April 18, 2007

Crank up the stereotype

There’s a very Canadian chain of hardware-retail stores called Canadian Tire, and I was in one the other day.

“Crappy Tire,” as it is semi-affectionately referred to by semi-frustrated Canadians, has a popular incentive for customers to use cash and not credit: they give you “Canadian Tire Money” in small amounts based on your sale total. You then can use the “money” on your next cash purchase.

Canadian Tire has used a balmoral-wearing, tartaned “Scrooge” character for as long as I can remember. The character I think is intended to denote the qualities of saving and thrift. The character is on the company’s money, and has been featured in its ad campaign. It’s a combination of the Christmas Carol persona and a stereotyped tight-0fisted Scot.

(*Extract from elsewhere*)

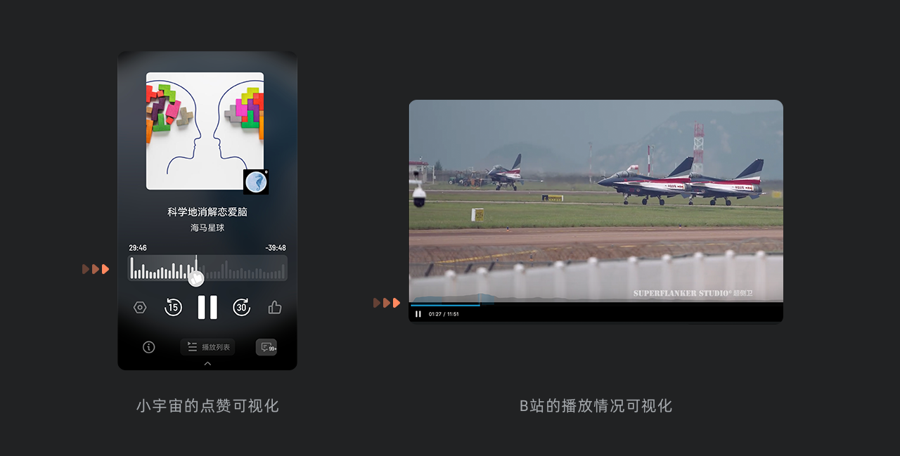 「小宇宙」在播放进度条上,将用户的点赞情况进行了可视化的传达。柱子较高的地方代表了该片段有较高的点赞数量,帮助其他听众直观了解单集中的「高赞」位置,提高了内容获取的效率与质量。

The company’s insinuation is that penny-pinching is good, but the big lesson of Dickens’s story is that they can make people horrible. Old Scrooge, who hoards his money and is distrustful of all, is hateful; the reborn Scrooge, who shares his wealth and learns to love his fellow man, is loveable. Canadian Tire lamely puts a trace of a smile on the character, perhaps to skirt the Old Scrooge issue. This has always made me think.

Why is it okay to stereotype Scottish people as misers? Thrift can be seen as a good thing, but the Scrooge-like, bah-humbug thing is a bit insulting, especially when you remember that Toronto’s population reportedly has more first-generation Scots than the city of Aberdeen.

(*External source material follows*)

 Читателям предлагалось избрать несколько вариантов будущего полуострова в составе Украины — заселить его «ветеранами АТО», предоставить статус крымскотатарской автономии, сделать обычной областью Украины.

As I mentioned before, the Groundskeeper Willie Scottish stereotype is pervasive, and it’s used to sell everything from bevy to chuggy. Martinet “Scottish” characters, replete with wild red hair and screeching voice, are somehow okay.

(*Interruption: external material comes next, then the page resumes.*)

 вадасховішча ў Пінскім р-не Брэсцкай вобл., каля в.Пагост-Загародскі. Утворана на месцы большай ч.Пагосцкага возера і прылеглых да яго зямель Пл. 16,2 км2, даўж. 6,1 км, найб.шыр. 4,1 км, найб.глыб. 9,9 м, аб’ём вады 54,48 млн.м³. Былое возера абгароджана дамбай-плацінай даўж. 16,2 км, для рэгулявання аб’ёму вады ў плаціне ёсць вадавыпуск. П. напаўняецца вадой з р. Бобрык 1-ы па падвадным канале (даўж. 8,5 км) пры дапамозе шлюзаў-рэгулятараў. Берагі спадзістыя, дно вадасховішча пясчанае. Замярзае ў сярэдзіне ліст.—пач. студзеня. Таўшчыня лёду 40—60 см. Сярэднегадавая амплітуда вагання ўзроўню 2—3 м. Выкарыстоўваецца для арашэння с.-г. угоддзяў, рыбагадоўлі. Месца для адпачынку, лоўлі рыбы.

I mean, one doesn’t see ads featuring a Shylock character, encouraging people to emulate a penny-pinching-Jew. That would be the gross and insulting stereotype that it is. People justly recoil against stereotypes of African-Americans, and Don Imus is dismissed for his ignorance. Good.

Maybe Scots are just good at not taking themselves too seriously, and the ability to laugh at ones self is generally a good quality. I just wonder why some negative stereotypes are allowed and some aren’t.